Background: The use of tilt testing (TT) in guiding therapy in patients with syncope remains controversial.
Aim: To assess the long-term effectiveness of TT-based therapy in patients with syncope of unknown origin.
Methods: The study group consisted of 340 patients (182 females, mean age 38.2+/-16.5 years, range 15-78 years) with at least two syncopal episodes during 6 months preceding the study. TT was performed at 60 degrees angle for 20 min, followed by sublingual nitroglycerine (NTG) challenge (250 microg) when necessary. After positive baseline TT and returning to supine position, 0.1 mg/kg of propranolol was intravenously administered and a second TT was performed. All patients with positive TT were advised to take propranolol, midodrine or fludrocortisone for 6 months -- the choice of agent was based on standard criteria. The time to first syncope was an indicator of the efficacy of treatment and a recurrence of syncope was the end-point of the study. In patients who did not faint during follow-up, the last date of contact was taken as the end of observation period.

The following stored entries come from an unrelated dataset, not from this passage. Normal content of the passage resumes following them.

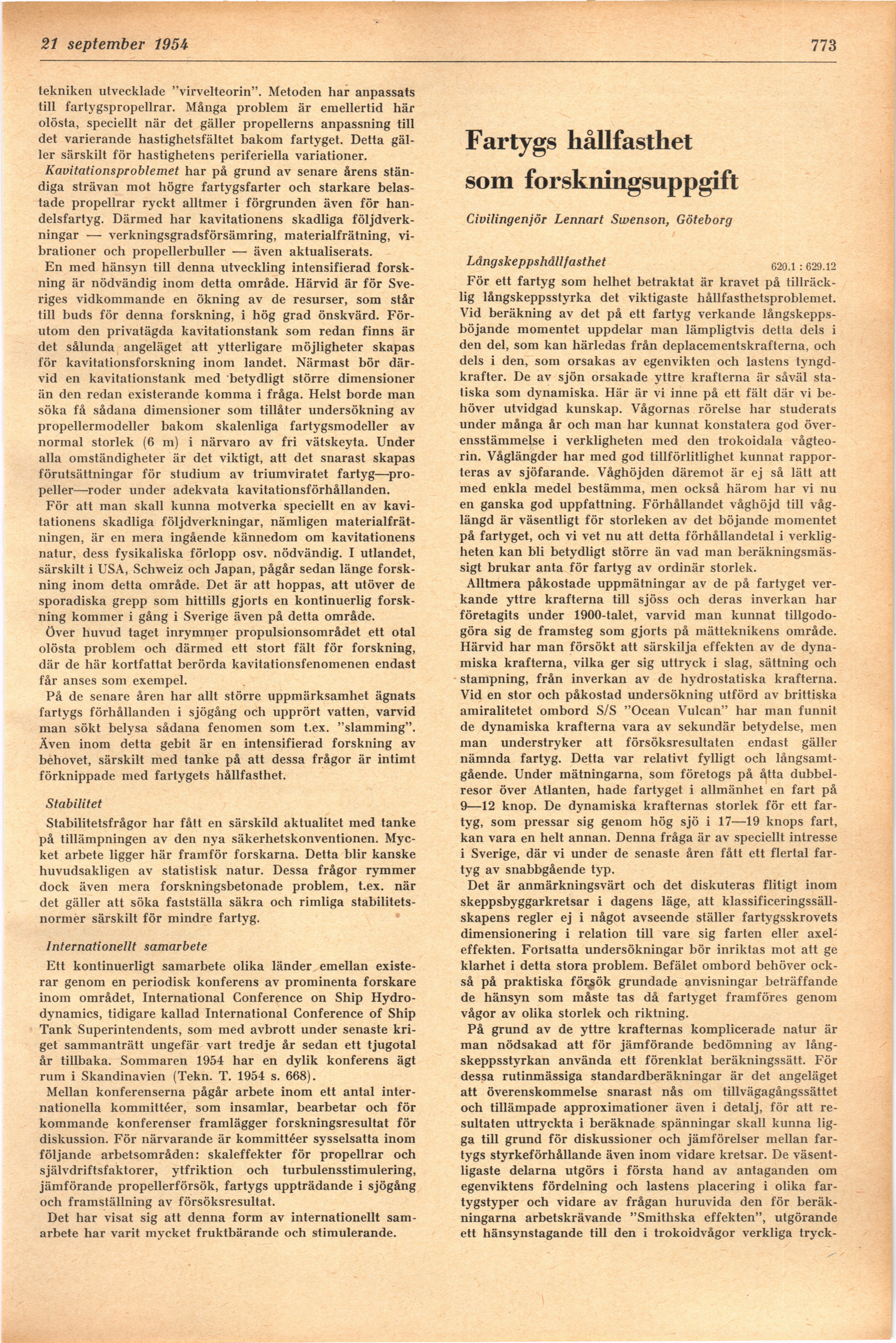Full resolution (JPEG) - On this page / på denna sida - H. 34. 21 september 1954 - Aktuella forskningsuppgifter inom skeppshydrodynamiken, av Hans Edstrand - Fartygs hållfasthet som forskningsuppgift, av Lennart Swenson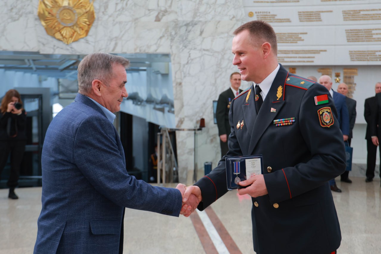 🎖Михаил Гриб вручил нагрудные знаки МВД, грамоты и благодарности, погоны в связи с присвоением первых и очередных специальных званий, а также ценные подарки сотрудникам минской милиции и ветеранам.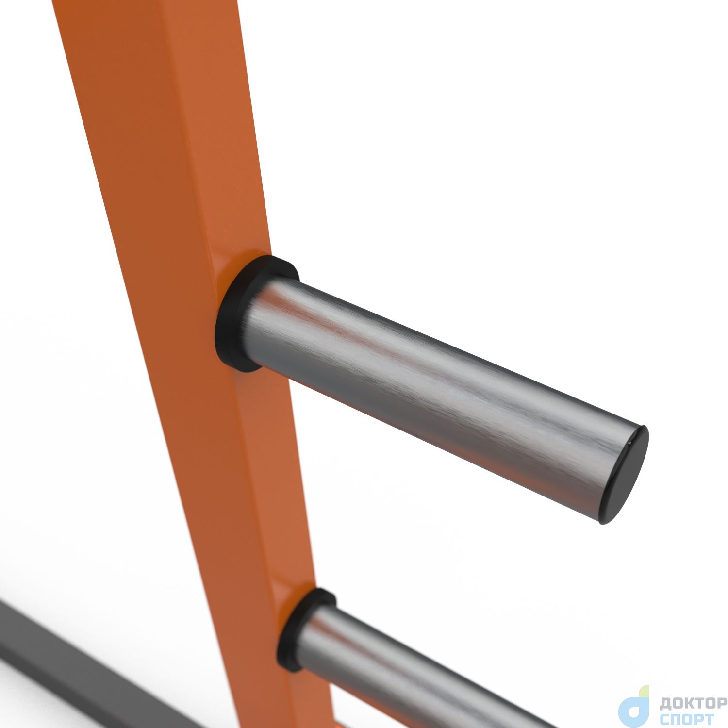 Диаметр дисков для хранения 51 мм, нагрузка на каждый из держателей дисков до 60 кг. Размер основной рамы 70 х 50 х 2 мм, размер соединительных перекладин 50 х 50 х 2 мм. Высота грифа регулируется по высоте в 10-ти положениях.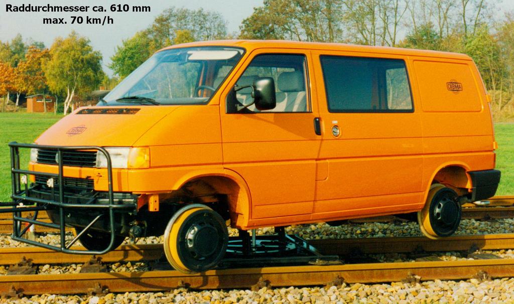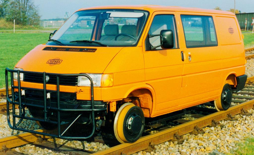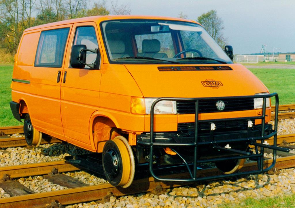 Die Diepholzer Maschinenfabrik Fritz Schöttler GmbH DIEMA, Diepholz, die 1993 in Konkurs gegangen ist, hat in Zusammenarbeit mit Volkswagen auch aktuelle VW Busse für den Schienenverkehr umgebaut, wie die Bilder zeigen. Dieses Fahrzeug würde in die Türkei verkauft. Wer also moderne Epochen fährt, findet schon eine Ausrede für einen solchen Schienenflitzer (Privatunternehmen, Probefahrt?)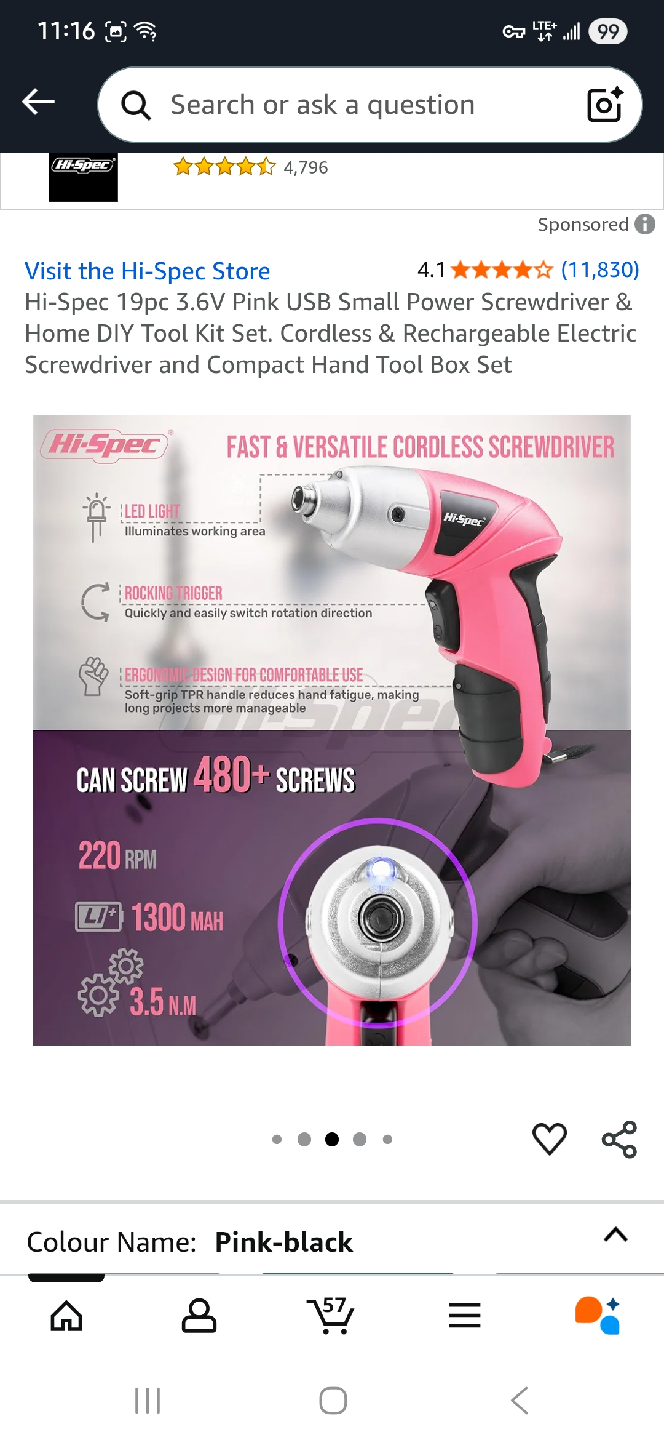 Hi-Spec 19pc 3.6V USB Small Power Screwdriver & Home DIY Tool Kit Set. Cordless & Rechargeable Electric Screwdriver and Compact Hand Tool Box Set. It comes with a USB for charging.

Results: Out of 340 patients who underwent TT, 148 with positive TT and propranolol challenge were included in the study; 82 patients (group I) received long-term therapy whereas 66 did not (group II). During a 12.8+/-0.9 month follow-up, syncope recurred in 86 patients - 40 (49%) from group I and 46 (70%) from group II (p<0.01). Survival analysis showed that medical therapy was associated with a significant reduction of the risk of syncope recurrence (RRR: 36%, 95% CI: 23-47). The greatest benefit from long-term treatment was documented in patients taking propranolol (RRR: 42%; 95% CI: 18-58; p<0.008), particularly in those in whom intravenous propranolol prevented TT-induced syncope (RRR: 50%; 95% CI: 23-67; p<0.012). Risk reduction in patients treated with midodrine or fludrocortisone was moderate (RRR: 22%; 95% CI: 11-34; p>0.09).
Conclusions: Carefully selected and TT-based long-term pharmacological treatment is associated with a 36% risk reduction of syncope recurrences in patients with syncope of unknown origin.